I'm currently trying to wade through the literature/theory on photography so I admit I don't know it all but I'm surprised to find little on feminism and photography.
One bit I've found (and others I've heard of) are interested in 'reading' photography in a feminist way, and especially like to tackle the (male) gaze implied by photography.
But what about a feminist practitioner of photography?
I've been coming up against existential difficulties concerning photography because firstly, the most obvious thing about photography is you get to grasp an enormous phallus all day in the pursuit of your (second) favourite hobby!
Indeed, it seems the "lengths" one can go to are limitless.

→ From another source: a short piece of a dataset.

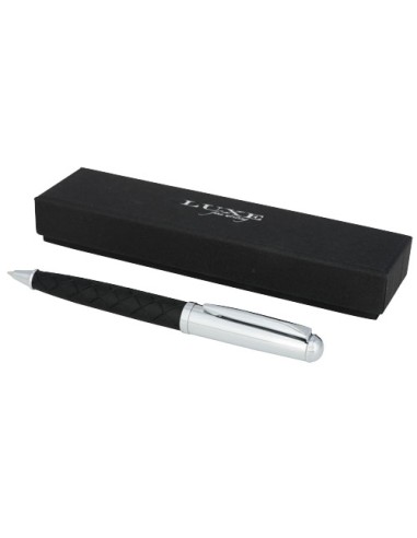 Penna a sfera dal design esclusivo con serbatoio inferiore con trama a reticolo trasversale rivestito in eco pelle. Comprende la ricarica di colore nero di qualità premium e confezionata in una scatola regalo "LUXE" (16 x 4,5 x 2,5 cm).

So that's one problem. Should I enjoy my phallus-bellybutton or seek to disengage it? Of course it's attached to a machine analogous to a gun, it shoots and kills everything it sets its baleful eye on (see Susan Sontag for why photographs are all pictures of death).
There's also the difficulty of "truth" that a photograph apparently conveys - truth being something critiqued by feminist thought along with patriarchy, science, monotheism etc.
Having thought about this for quite a while I've come to think that the pinhole camera is much more feminist friendly. It has no phallus-lens but rather an opening, which is revealed to the light coming from the subject with no need for a mechanism (and therefore has no gun-click). The pinhole also needs more time to receive enough light from the scene to create a sufficient chemical reaction on the film. Holding up a flap for between 1 second to several hours seems more personal than shooting a shutter at fractions of a second.
It's still a bit fraught, however, since it still involves lifting a flap to "expose" a hole, but at least both camera and subject have to expose themselves to each other rather than the subject being murdered and the camera getting away scot-free.
Also, maybe since pinholes can give varying results and are affected by camera shake, portions that are out of focus and so-on, the photograph produced by a pinhole might not be forced to represent "truth" or "reality" but simply be what it is - an image.
Thanks to my sister I have a pinhole camera ready to go.
Does anybody else have these thoughts?